AttributeTypeDescription
final_responsestrThe last text response from the agent.
messageslist[Message]All messages from the run.
tool_callslist[dict]All tool calls made during the run.
statedictFull output dict from ainvoke().
passedboolTrue unless an assertion has failed.

Methods

MethodDescription
assert_contains(text)final_response must contain text.
assert_not_contains(text)final_response must NOT contain text.
assert_equals(expected)final_response must equal expected exactly.
assert_tool_called(name, **args)A tool with name must have been called.
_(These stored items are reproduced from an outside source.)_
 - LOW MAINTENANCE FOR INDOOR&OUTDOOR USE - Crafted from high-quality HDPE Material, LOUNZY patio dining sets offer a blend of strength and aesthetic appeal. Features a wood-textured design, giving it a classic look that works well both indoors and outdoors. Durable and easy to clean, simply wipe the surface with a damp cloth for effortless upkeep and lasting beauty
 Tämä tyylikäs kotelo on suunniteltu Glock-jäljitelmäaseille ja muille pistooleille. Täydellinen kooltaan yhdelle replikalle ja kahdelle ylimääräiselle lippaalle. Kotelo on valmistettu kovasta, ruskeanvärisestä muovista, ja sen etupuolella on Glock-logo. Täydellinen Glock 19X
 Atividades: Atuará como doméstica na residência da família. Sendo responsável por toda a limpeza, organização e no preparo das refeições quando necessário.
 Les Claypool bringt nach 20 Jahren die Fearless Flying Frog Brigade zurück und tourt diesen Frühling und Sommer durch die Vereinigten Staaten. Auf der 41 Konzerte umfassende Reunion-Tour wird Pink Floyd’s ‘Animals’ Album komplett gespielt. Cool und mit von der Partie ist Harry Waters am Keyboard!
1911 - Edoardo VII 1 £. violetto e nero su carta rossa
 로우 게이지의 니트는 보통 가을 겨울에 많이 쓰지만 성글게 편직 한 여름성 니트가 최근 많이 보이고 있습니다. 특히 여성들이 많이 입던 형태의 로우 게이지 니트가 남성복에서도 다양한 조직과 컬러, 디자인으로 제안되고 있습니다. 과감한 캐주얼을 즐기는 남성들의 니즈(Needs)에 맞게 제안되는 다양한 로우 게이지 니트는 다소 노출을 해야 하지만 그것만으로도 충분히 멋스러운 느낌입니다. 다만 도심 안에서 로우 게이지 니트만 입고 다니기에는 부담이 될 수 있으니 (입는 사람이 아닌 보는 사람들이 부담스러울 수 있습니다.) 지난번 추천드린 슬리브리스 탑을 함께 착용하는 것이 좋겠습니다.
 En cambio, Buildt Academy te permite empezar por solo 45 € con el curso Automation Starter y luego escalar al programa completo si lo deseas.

Pass **args to also check argument values.
assert_tool_not_called(name)A tool with name must NOT have been called.
assert_message_count(n)Total message count must equal n.
assert_no_errors()No ErrorBlock in any message.
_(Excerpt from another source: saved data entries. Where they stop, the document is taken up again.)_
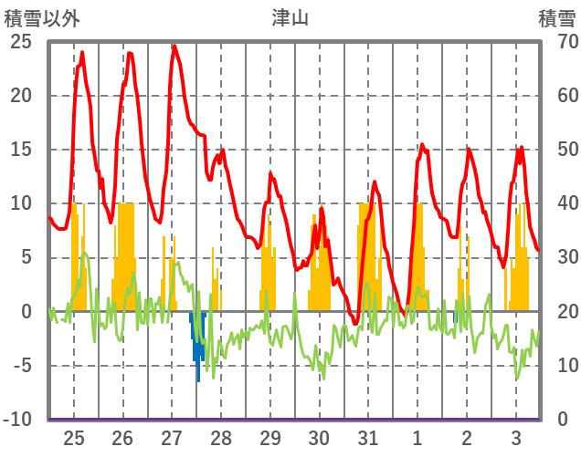 | 日 | 時 | 気温 | 降水 | 風向/風速 | 日照 | 積雪 | 降雪 |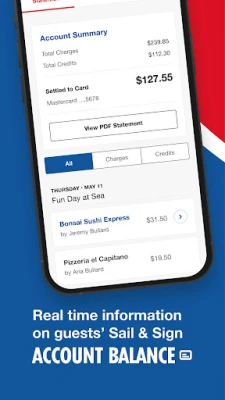 • Real-time information on guests’ current Sail & Sign shipboard account balance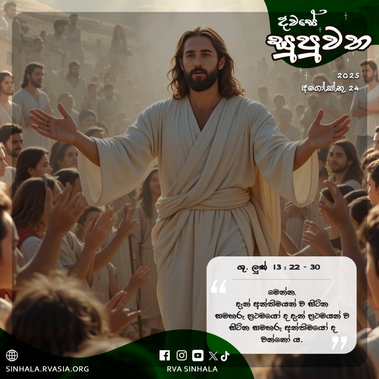 22 උන් වහන්සේ ජෙරුසලම බලා යද්දී නගර හා ගම් නියම්ගම් මැදින් අනුශාසනා කරමින් වැඩි සේක. 23 එක් කෙනෙක් කතා කොට, ”ස්වාමීනි, ගැළවීම ලබන්නෝ ස්වල්ප දෙනෙක් පමණක් දැ”යි උන් වහන්සේගෙන් ඇසී ය. උන් වහන්සේ ඔවුන්ට කතා කොට මෙසේ වදාළ සේක: 24 ”පටු දොරෙන් ඇතුළු වන්නට වීර්ය කරන්න. මන්ද, බොහෝ දෙනෙක් ඇතුළු වන්නට සොයන නමුත් ඔවුන්ට නොහැකි වේ ය යි මම ඔබට කියමි. 25 ගෙදර ස්වාමියා නැඟිට දොර වැසූ පසු ඔබ පිටත සිට දොරට තට්ටු කරමින්, ‘ස්වාමීනි, අපට දොර හැරිය මැනවැ’යි කියන කල, ‘නුඹලා කොතැනින් ආවාහු දැ යි නොදනිමි’යි ඔහු පිළිතුරු දෙනු ඇත. 26 එවිට ඔබ: ‘අපි ඔබ සමඟ කෑවෙමු, බීවෙමු, ඔබ අපේ වීදිවල ඉගැන්වූ සේකැ’යි කියන්නහු ය. 27 එහෙත් ඔහු කතා කොට, ‘නුඹලා කොතැනින් ආවාහු දැ යි මම නොදනිමි. අදමිටුකම් කරන නුඹලා සියලු දෙනා ම මා කෙරෙන් පලා යව්’ යයි කියන්නේ ය. 28 ආබ්රහම් ද ඊසාක් ද ජාකොබ් ද සියලු දිවැසිවරයන් ද දෙවියන් වහන්සේගේ රාජ්යයෙහි සිටිය දී ඔබ පිටතට දමනු ලබන කල එහි විලාප කීම ද දත්මිටිකෑම ද ඇති වේ. 29 තවද, මනුෂ්යයෝ පෙරදිගින් හා අපරදිගින් ද උතුරු දිගින් හා දකුණු දිගින් ද පැමිණ දෙවියන් වහන්සේගේ රාජ්යයෙහි මංගල භෝජනයට අසුන් ගන්නෝ ය. 30 මෙන්න, දැන් අන්තිමයන් ව සිටින සමහරු ප්රථමයෝ ද දැන් ප්රථමයන් ව සිටින සමහරු අන්තිමයෝ ද වන්නෝ ය.”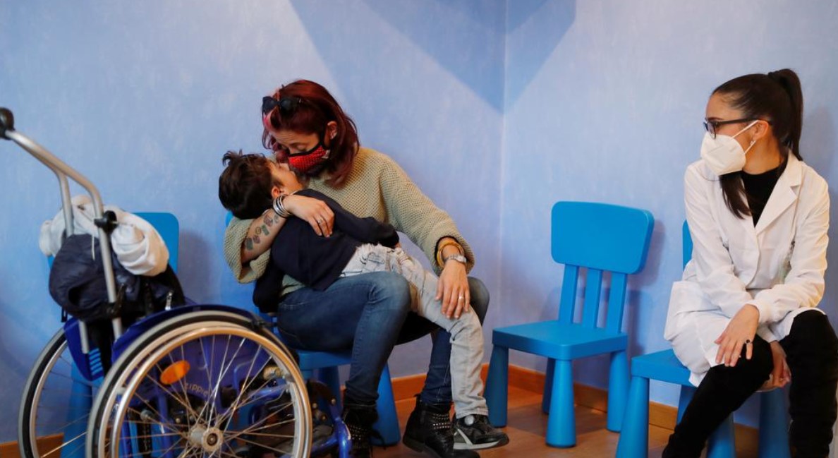 Valentina, 38, who works in a call centre for the postal service, is helped by her husband Paolo, a 58-year-old researcher, and two caregivers who work alternate days.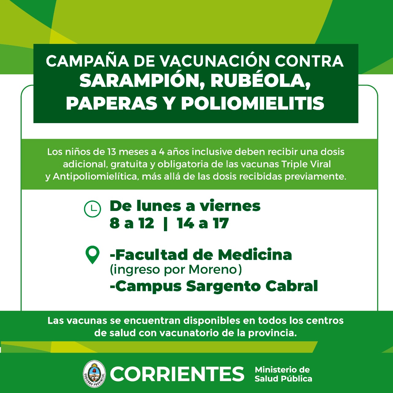 Desde este lunes hasta el viernes, de 8 a 12 y de 14 a 17, la Campaña contra Sarampión, Rubéola, Paperas y Poliomielitis. La Campaña de Vacunación Antigripal continúa con el personal de salud, embarazadas (cualquier mes de gestación), personas entre 2 a 64 años con factores de riesgo (presentar certificación que avale dicha condición) y para los mayores de 65 años.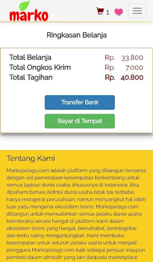 Marko Daily Need / Marko / Markopelago.com adalah platform yang dibangun bersama dengan visi pemerataan kesempatan berkembang untuk semua lapisan dunia usaha; khususnya di Indonesia. Bisa dipahami bahwa definisi dunia usaha tidak tak terbatas hanya mengenai perusahaan; namun menyangkut hal lebih luas yaitu mengenai ekosistem bisnis. Markopelago.com dibangun untuk memudahkan semua pelaku dunia usaha berinteraksi secara hangat di platform kami dalam ekosistem bisnis yang hangat, bersahabat, berintegritas dan tentu saling menguntungkan. Kami membuka kesempatan untuk seluruh pelaku usaha untuk menjadi pengguna Markopelago.com baik sebagai penjual maupun pembeli dalam atmosfir yang lain daripada marketplace lainnya. Tidak ada yang mengenal Indonesia lebih baik dari kita.

All assertion methods return self for chaining.


MockMCPClient

Fake MCP client for testing nodes that use MCP tools.

from agentflow.qa.testing import MockMCPClient

mock_mcp = MockMCPClient()
mock_mcp.add_tool(
name="search_docs",
description="Search the documentation",
parameters={"query": {"type": "string", "description": "Search query"}},
handler=lambda query: f"Found results for: {query}",
)

tools = ToolNode(client=mock_mcp)
graph.add_node("TOOL", tools)

MockToolRegistry

Tracks which tools were called and with what arguments. Useful for asserting tool behaviour in integration tests.

from agentflow.qa.testing import MockToolRegistry

registry = MockToolRegistry()
registry.register("get_weather", lambda location: f"Sunny in {location}")
registry.register("search", lambda q: [{"title": "Result", "url": "http://..."}])
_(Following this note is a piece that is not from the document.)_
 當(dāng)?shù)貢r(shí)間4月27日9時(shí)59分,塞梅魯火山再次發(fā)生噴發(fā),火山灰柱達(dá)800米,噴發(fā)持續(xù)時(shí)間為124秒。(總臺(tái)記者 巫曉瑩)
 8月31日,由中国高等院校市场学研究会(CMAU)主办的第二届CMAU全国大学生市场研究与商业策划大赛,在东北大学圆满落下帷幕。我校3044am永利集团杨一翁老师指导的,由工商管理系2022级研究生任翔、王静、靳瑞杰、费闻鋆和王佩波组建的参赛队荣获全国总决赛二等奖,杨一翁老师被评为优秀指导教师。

tools = ToolNode(list(registry.funcs.values()))

# ... run the graph ...

assert registry.was_called("get_weather")
assert registry.get_call_count("get_weather") == 1
args = registry.get_last_args("get_weather")
assert args["location"] == "London"

InMemoryStore (testing)

A lightweight in-memory BaseStore for tests that need memory functionality without a real vector database.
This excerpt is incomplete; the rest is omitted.